Member of the Wisconsin Senate from the 26th district
- In office January 6, 1913 – January 5, 1925
- Preceded by: John S. Donald
- Succeeded by: Harry Sauthoff

Member of the Wisconsin State Assembly from the Dane 2nd district
- In office January 2, 1905 – January 7, 1907
- Preceded by: Torger G. Thompson
- Succeeded by: Ole P. Sorenson

Personal details
- Born: November 6, 1869 Evergreen, Allegheny County, Pennsylvania, U.S.
- Died: January 31, 1933 (aged 63) Madison General Hospital, Madison, Wisconsin, U.S.
- Resting place: Riverside Cemetery, Stoughton, Wisconsin
- Party: Republican
- Spouse: Minnie P. Pratt (died 1934)
- Education: Albion Academy University of Wisconsin Law School
- Profession: Lawyer

= Henry Huber =

20th century American politician

Henry Allen Huber (November 6, 1869 – January 31, 1933) was an American lawyer and progressive Republican politician from Stoughton, Wisconsin. He was the 25th lieutenant governor of Wisconsin, serving from 1925 through 1933. He also served 12 years in the Wisconsin Senate and two years in the Wisconsin State Assembly representing Dane County. Earlier in his career, he also served as an executive clerk to Wisconsin governor Robert M. La Follette. He is known for introducing the first form of state unemployment insurance legislation in the United States, and is the namesake of the "Huber Law" which created Wisconsin's first work release program for state prisoners.

==Biography==
Huber was born in Evergreen, Allegheny County, Pennsylvania, in 1869. At age ten, he moved with his parents to Pleasant Springs, Wisconsin. He graduated from the University of Wisconsin in 1892 and set up a law practice in Stoughton. He was city attorney for Stoughton, Wisconsin, and served on the Dane County Board of Supervisors. He served as a Republican in the Wisconsin State Assembly from 1905 until 1906, and in the Wisconsin State Senate from 1913 until 1924.

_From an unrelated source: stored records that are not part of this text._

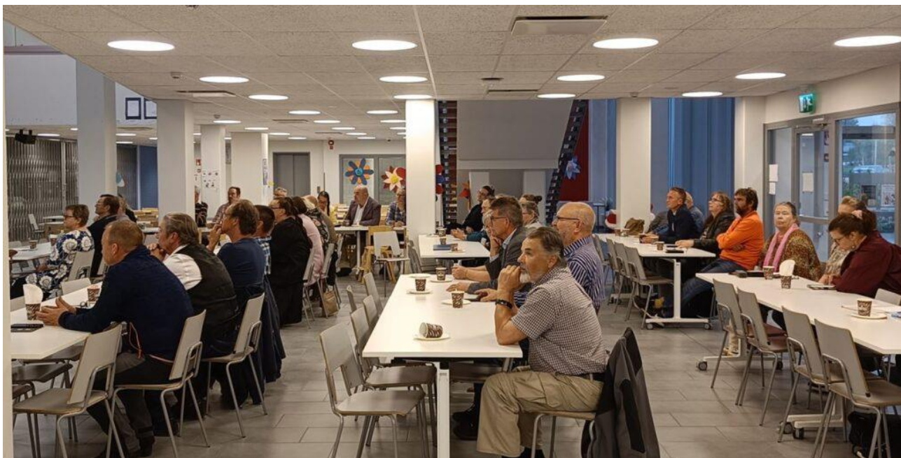
Ilmastohankkeen päätösseminaariin Monitoimikeskus Sillan saliin oli ahtautunut runsaasti väkeä.

meenkyrön kunnan puheenvuoro). Tilaisuudessa palkittiin myös Pirkanmaan Vuoden Kylä, Kylätöimija ja Kyläteko 2024. Kyläparlamenttiin osallistui paikan päällä reilut 50 henkilöä.
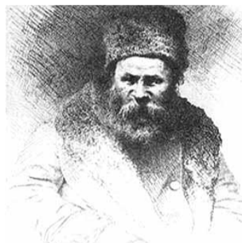
TARAS SZEWCZENKO KOBZIARZ

Український мовний літературний початок од „Eneidy” Iwana Kotlarewskiego, która została opublikowana w dalekim 1798 roku w Petersburgu. Ta trawestacja „Eneidy” Wergiliusza była napisana żywym językiem zbliżonym do mowy ludu ukraińskiego. A już w 1840 roku Taras Szewczenko swoim „Kobziarem», także wydanym w Petersburgu, ustalił język, który do tej pory prawie nie zmienił się. Ukraińcy do dziś korzystają z języka, którym pisali swoje słynne utwory genialni klasycy.
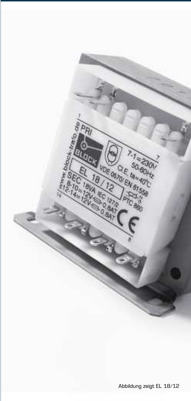
Abbildung zeigt EL 18/12
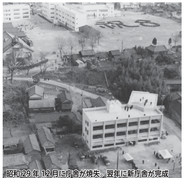
昭和29年12月に庁舎が焼失。翌年に新庁舎が完成

モノクロ・タブロイド版でお届けしてきた「広報なばり」は、来月4月号から、A4サイズのカラー紙に生まれ変わり、市民の皆さんの元へお届けします。令和6年3月で市制施行70周年を迎えた名張市とともに、新たな歩みを踏み出す「広報なばり」を末永くご愛読ください。
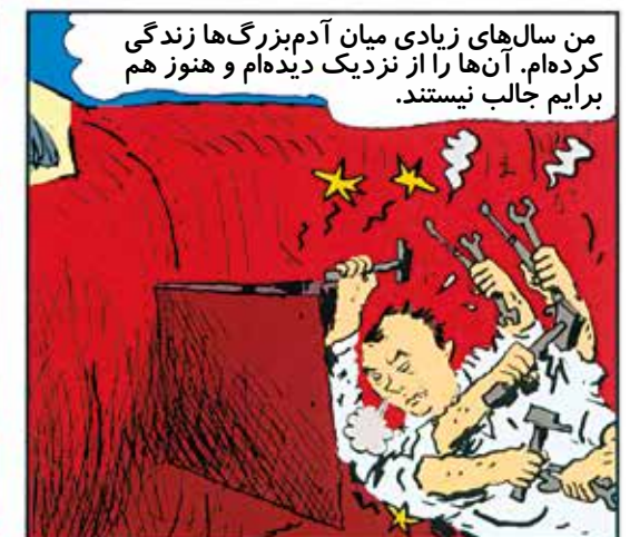
من سالهای زیادی میان آدم بزرگها زندگی کرده ام. آنها را از نزدیک دیده ام و هنوز هم برایم جالب نیستند.
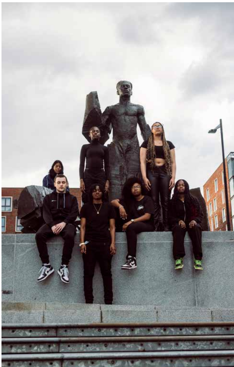
Crew JTSZO Daar. Tegen. Over.

* Reserveren via Eventbrite , check QR-code of 'JTSZO Theaternadedam Daar. Tegen. Over.'
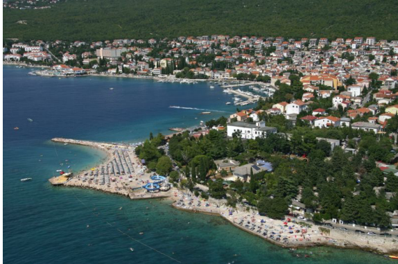
Slika br. 1 – Panorama Selca
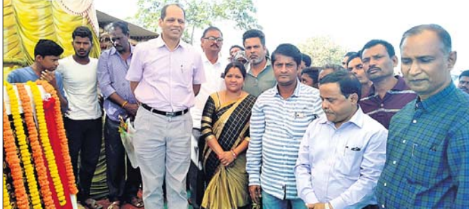
ଦେଉଳିଆ ବନ୍ଧର ଶିଳାମ୍ୟାସ କରୁଛନ୍ତି ବିଧାୟକ ।

ଦେଉଳିଆ, ବଡ଼ବନ୍ଧ ଉନ୍ନତୀକରଣ ପାଇଁ ଶିଳାମ୍ୟାସ
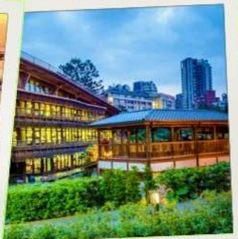
ห้องสมุดเป่ย์โถว
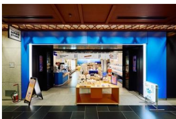
<Marunouchi Happ. STORE>

「Marunouchi Happ. Stand & Gallery」の系列店舗として「Marunouchi Happ. STORE」を2024年2月8日（木）にオープンし、「コーヒー（ドリップバッグ）・クラフトビール・本」を軸に、就業者の日常の拠りどころになるような商品や、エリアで開催されるイベントと連動したグッズ、オリジナルの丸の内土産等を企画販売する丸の内発のローカルデイリーストアです。思わず仕事の合間や仕事終わりに立ち寄りたくなるような要素を多数ちりばめ、ホッと一息ついていただけるようなスポットを目指しています。
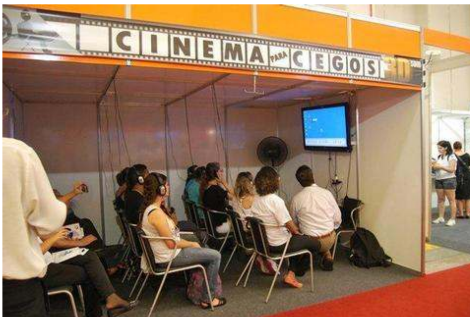
Figura 4: Cinema para cegos
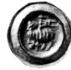
Abb. 4: St. Gallen, Stadt. Angster (ab 1407). Münzkabinett Winterthur, Inv. S 4362.

Hinweise aus Schriftquellen deuten nämlich darauf hin, dass die Münzstätte nicht nur 1407/08 aktiv war. Zwar scheinen konkrete Belege in den Seckelamtsrechnungen nach 1408 für einige Zeit abzubrechen 39 , aber Münzmeister Konrad Nämhart ist noch 1414 und 1416 in St. Gallen nachweisbar 40 . Ein gewichtiges Argument für eine Prägetätigkeit um 1415 ist auch die Erlaubnis von König Sigismund (1410–1437), die er am 12. April 1415 in Konstanz für die Stadt St. Gallen ausstellte: Darin gestattete er der Stadt, «das sy cleine müntze, haller und pfennig, under irer stat prech [= Prägezeichen, Münzbild] mit glichem tzusatz, als dann andere unsere und des richs stete, die müntz haben, zusetzen slahen und muentzen mögen» 41 . Die Stadt nutzte offensichtlich die Anwesenheit des Königs am Konstanzer Konzil dazu, mit dieser etwas ungewöhnlichen Erlaubnis – es ist ja kein Münzrecht, sondern lediglich eine Genehmigung zur Herstellung von Kleingeld – die längst angelaufene Prägetätigkeit durch das Reichsoberhaupt nachträglich sanktionieren zu lassen. Es ist gut möglich, dass man 1415 nochmals die Gelegenheit wahrnahm, die Prägung nach einer Pause wieder aufzunehmen, obschon dafür bisher keine Belege nachzuweisen sind.
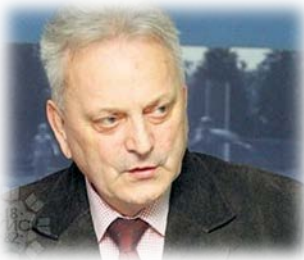
REKTOR UNIVERZITETA U ISTOČNOM SARAJEVU Prof. dr STEVO PAŠALIĆ

Internacionalni festival harmonike „Akordeon Art“ najznačajnija je umjetnička manifestacija u organizaciji Muzičke akademije i Univerziteta u Istočnom Sarajevu. Ovogodišnji „AKORDEON ART plus“, u okviru kojeg će se održati 9. Internacionalni festival harmonike i 1. Međunarodno takmičenje pijanista, ugostiće, kao i prethodnih godina, renomirane umjetnike, profesore, takmičare i goste iz brojnih zemalja svijeta, čije prisustvo govori o značaju i kvalitetu ove manifestacije.
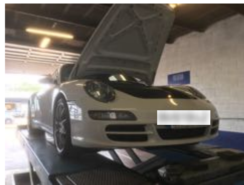
Flanc avant gauche et flanc avant droit
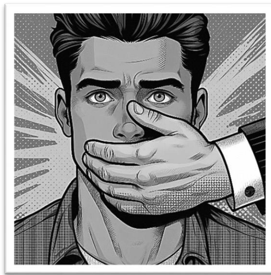
Microsoft Bing IC
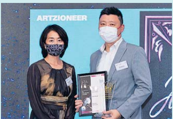
▲ 人才發展 鑽石獎 友邦保險 (國際) 有限公司
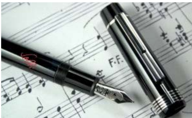
Obras artísticas, como la música, están amparadas por los derechos de autor y conexos.
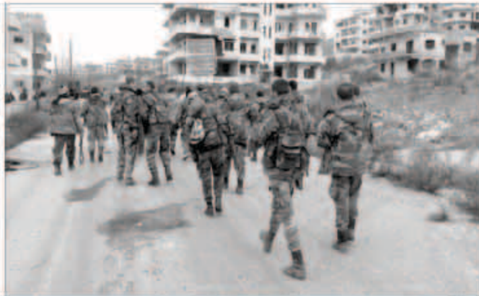
عناصر من جيش النظام السوري تحاول الانتشار على حساب المقاومة المسلحة

فسيخسروا دعم حلفائهم، وأضاف ماخوس أنه إذا لم يكن هناك اتفاق على جوهر العملية السياسية فستقبل محادثات جنيف المرتقبة، مؤكداً أنه من الأفضل عدم الدخول في عملية 'فاشلة'. وجدد ماخوس - وهو عضو الهيئة العليا للمفاوضات - مطالبة المعارضة للنظام السوري بإجراءات لتحسين التنمية قبل الشروع في المفاوضات. وذلك عبر وقف القصف وإطلاق سراح بعض السجناء من النساء والأطفال والشيوخ، مؤكداً أن وفد المعارضة لن يذهب إلى جنيف ما لم تتحقق تلك الإجراءات.
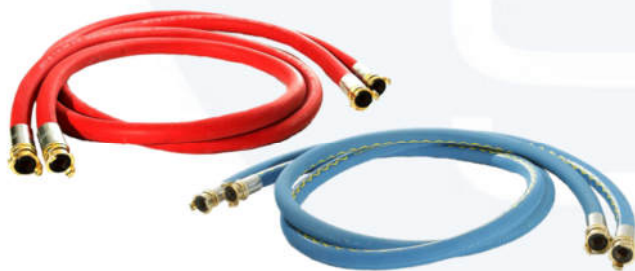
Raccordi con attacchi rapidi GEKA da 1"
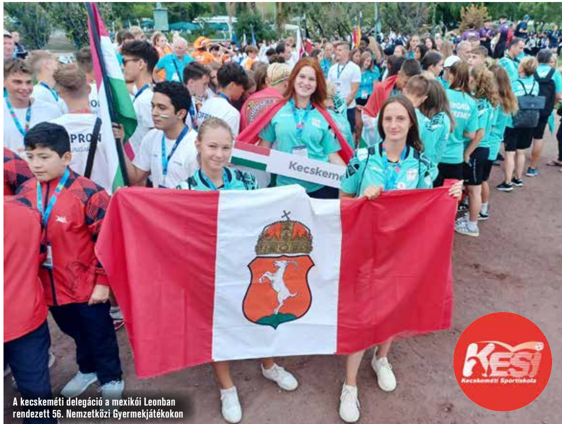
A kecskeméti delegáció a mexikói Leonban rendezett 56. Nemzetközi Gyermejjátékokon
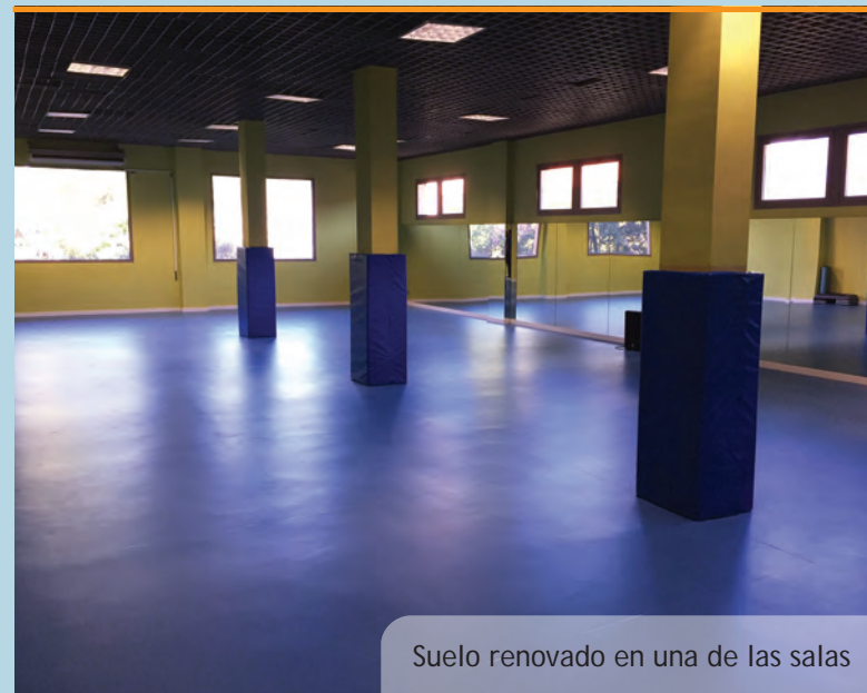
Suelo renovado en una de las salas

Esta tancapermetrà una jardineria de major port i densitat que millore l'estètica i l'aïllament acústic

During his time as a state senator, he gained national recognition for two landmark pieces of legislation. He introduced the first unemployment insurance legislation in American history, and was the author of Wisconsin's first work release program—still referred to in Wisconsin as the "Huber Law".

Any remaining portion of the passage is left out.